**Try it**
Transcribe, leaving out every picture, the lines that run from the start of the listing below through the line with "(서울=연합뉴스) 이준서 기자".

-------- Dataset content

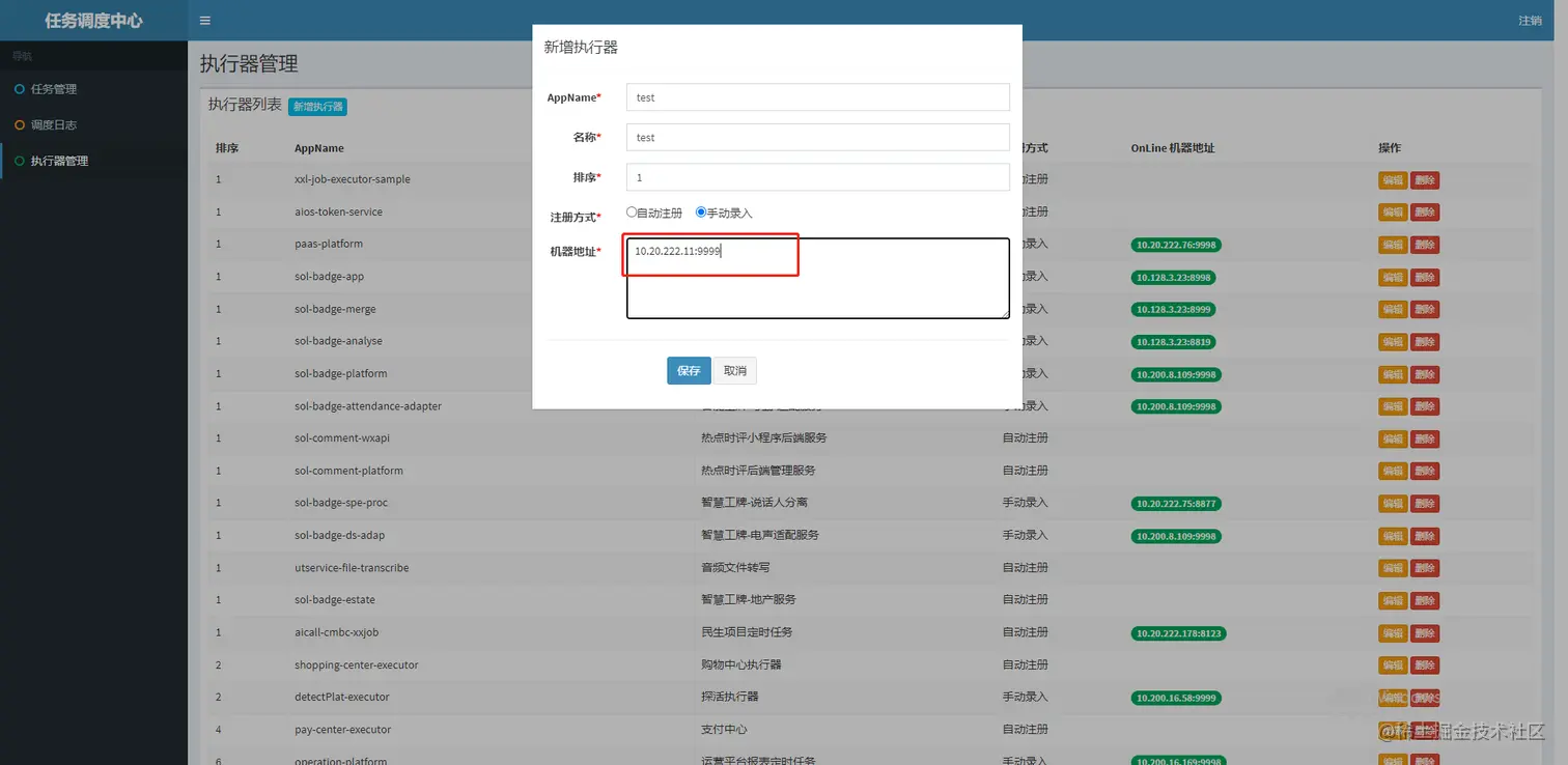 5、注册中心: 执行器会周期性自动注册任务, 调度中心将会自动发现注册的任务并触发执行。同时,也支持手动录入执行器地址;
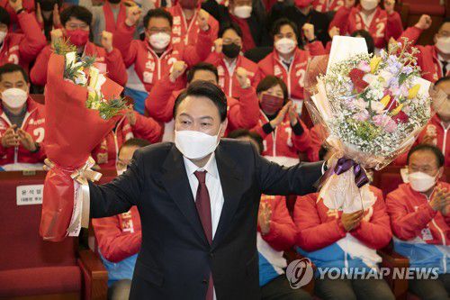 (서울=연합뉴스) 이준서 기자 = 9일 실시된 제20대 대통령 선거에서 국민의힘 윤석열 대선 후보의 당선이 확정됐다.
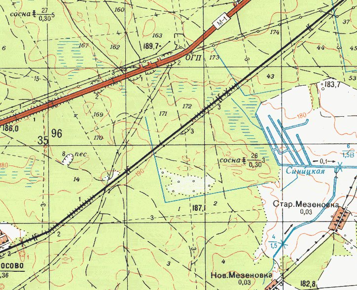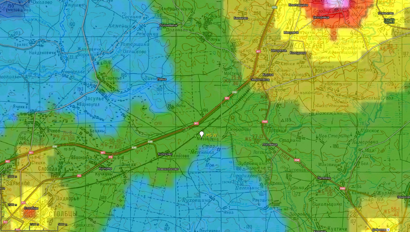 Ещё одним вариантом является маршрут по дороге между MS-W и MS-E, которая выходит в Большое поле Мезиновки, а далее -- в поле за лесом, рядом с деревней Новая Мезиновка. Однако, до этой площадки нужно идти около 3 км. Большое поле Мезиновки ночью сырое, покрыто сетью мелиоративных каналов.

----------------

**Reply to the task**
 5、注册中心: 执行器会周期性自动注册任务, 调度中心将会自动发现注册的任务并触发执行。同时,也支持手动录入执行器地址;
 (서울=연합뉴스) 이준서 기자 = 9일 실시된 제20대 대통령 선거에서 국민의힘 윤석열 대선 후보의 당선이 확정됐다.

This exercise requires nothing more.